Medical text input: patients who open XX before 1 month have no obvious inducement to have retraction snivel, no symptoms such as nasal obstruction, facial numbness, double vision, hearing loss, headache and the like, and the local XXX hospital is treated for diagnosis and treatment, nasopharyngoscope is perfected and biopsy is taken: undifferentiated non-keratinizing carcinoma.

Outputting an information extraction result: zhang XX (S patient name) visit (P patient and hospital relationship) XXX hospital (O visit hospital name)

The extraction implementation processing procedure of this embodiment refers to embodiment 1.

Although embodiments of the present invention have been shown and described, it will be appreciated by those skilled in the art that changes, modifications, substitutions and alterations can be made in these embodiments without departing from the principles and spirit of the invention, the scope of which is defined in the appended claims and their equivalents.

Claims

1. A medical text information automatic extraction method based on a deep neural network is characterized in that historical accumulated extraction data are used as a labeling data set, a deep neural network model is built, medical insurance unstructured text data are input, and entity information and relationships set by specific medical insurance auditors are output.
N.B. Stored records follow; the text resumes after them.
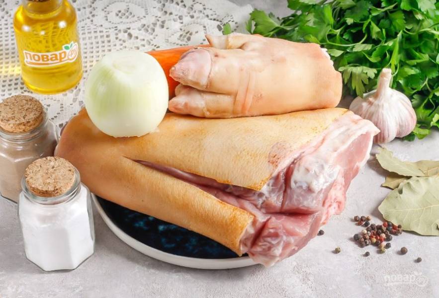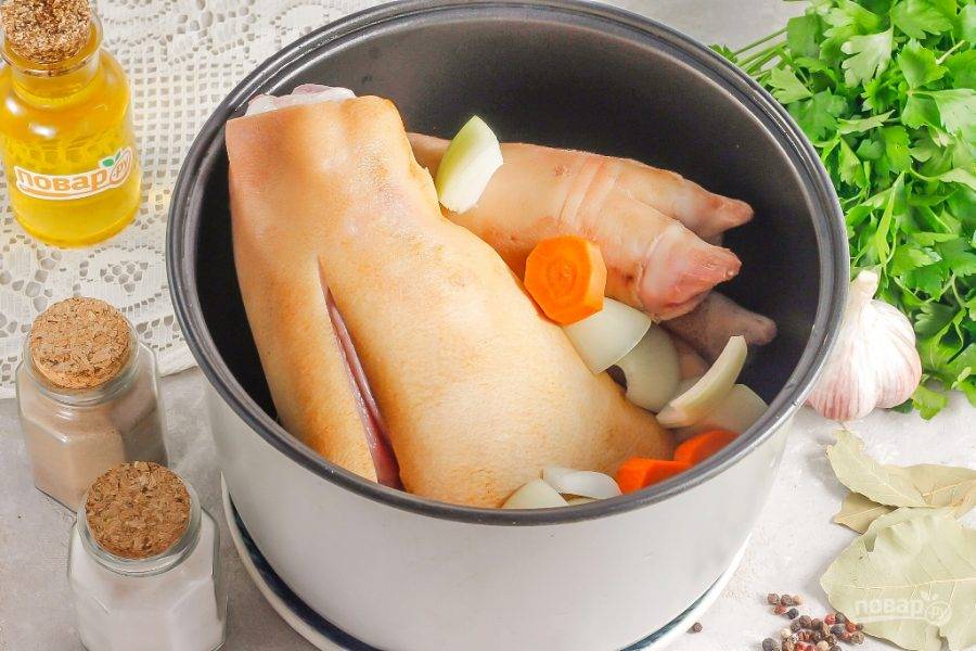Подготовьте указанные ингредиенты. Рульку и свиные ножки тщательно промойте в воде, соскоблите кожу и снова промойте. Очистите лук и морковь от кожуры, промойте в воде.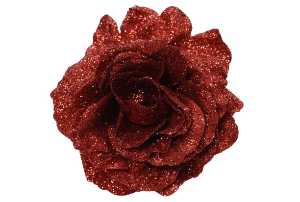 Vánoční ozdoba Růže na klipu 12 cm, červená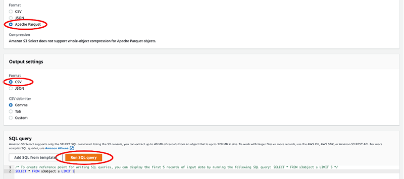 The query allows you to run SQL query directly on the Parquet file replicated by AWS DMS. Select CVS format as the output.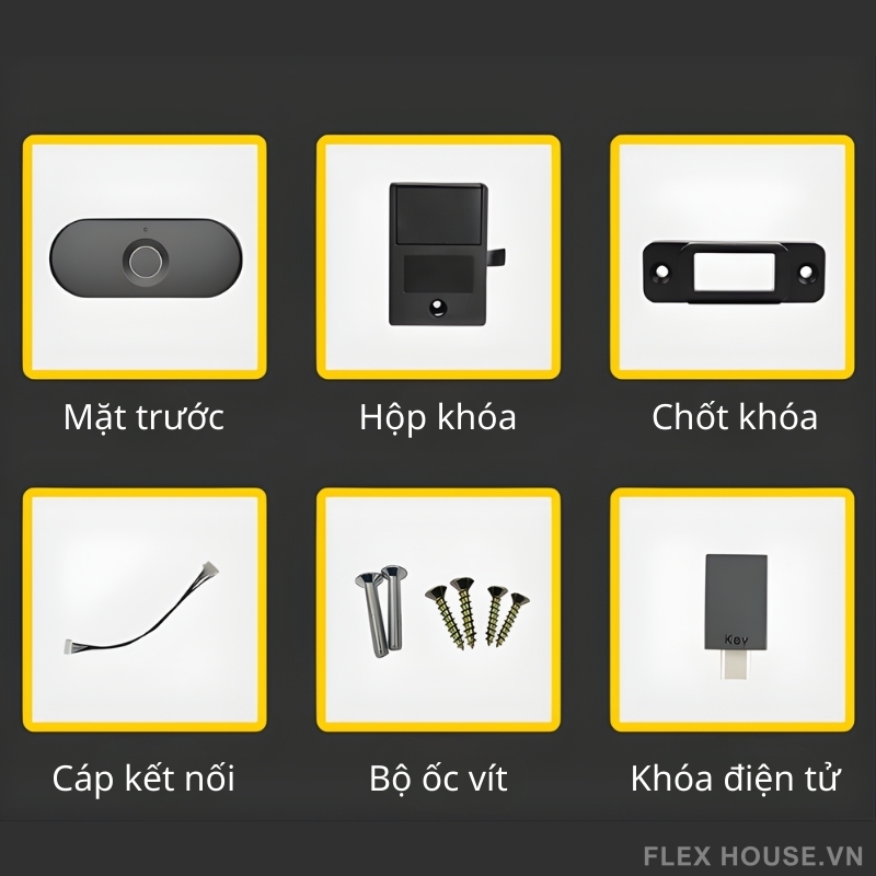 - Tặng kèm E-Key (chìa khóa điện tử): Dùng trong trường hợp vân tay bị trầy xước hoặc quên thao tác.
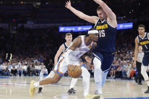 雷霆给出的办法是抓底线。从底角三分到底线空切,这一条线其实是掘金防守布阵的薄弱环节。兵力都往中路堆,漏底角本是普遍现象。掘金在联防的时候,能出现在护筐位置的又往往只有约基奇,而约基奇通常不会陪犯规给占据有利位置的空切球员,那么球能给到底线附近的队友,就很有机会偷篮下。G5雷霆这个思路显然是执行成功的。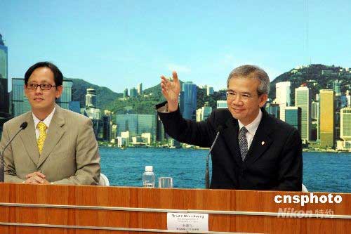 香港奧運(yùn)馬術(shù)公司行政總裁林煥光(右)和香港中旅社發(fā)言人吳熹安六月十日舉行新聞簡報會,宣布香港再獲北京奧組委分配六萬張奧運(yùn)馬術(shù)門票,將于六月十二日開售。香港中旅社將受委托作為門票銷售的票務(wù)代理。中新社發(fā) 黎金良 攝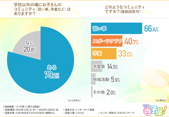- 小学校以外の場に居場所を持つ子どもは8割近くも!学外における子どものコミュニティ、第1位は【習い事】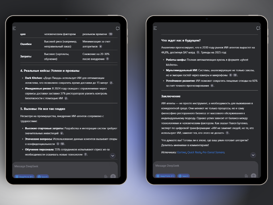- Поиск информации: Встроенный поисковик — не «фильтр-пузырь» как у Perplexity. Когда вы спрашиваете о трендах доставки еды, DeepSeek лезет в отзывы на Tripadvisor, отчеты Delivery Club и даже нишевые блоги. Но есть нюанс: иногда попадаются китайские источники — придётся уточнять «искать в рунете».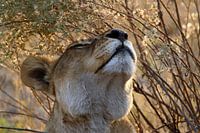 Leeuwin genietend van de ochtendzon in Okavango delta

2. The automatic extraction method of medical text information based on deep neural network as claimed in claim 1, wherein the method specifically comprises the following implementation steps:

3. The method as claimed in claim 2, wherein the multi-pattern matching algorithm is an Aho-Corsick automaton.

4. The method as claimed in claim 2, wherein in the model training stage, position coding is used as model input, denoted as E, the E is input into a 12-layer deep neural network model structure, a new output is obtained through calculation, denoted as H1, an H1 vector is transmitted into a self-attention layer, then the head and tail positions of S are predicted, a label S is randomly sampled, a sub-vector corresponding to H1 is mapped and input into a bidirectional sequence model, a coding vector of S is obtained, the coding vector of S is a coding vector with a length equal to that of the input sequence, after H1 is transmitted into another self-attention layer, a vector output is spliced, denoted as H2, H2 after splicing is transmitted into a convolutional layer and a fully-connected layer, and finally O is predicted by using a double-S function structure, and P position, storing the training model to the local.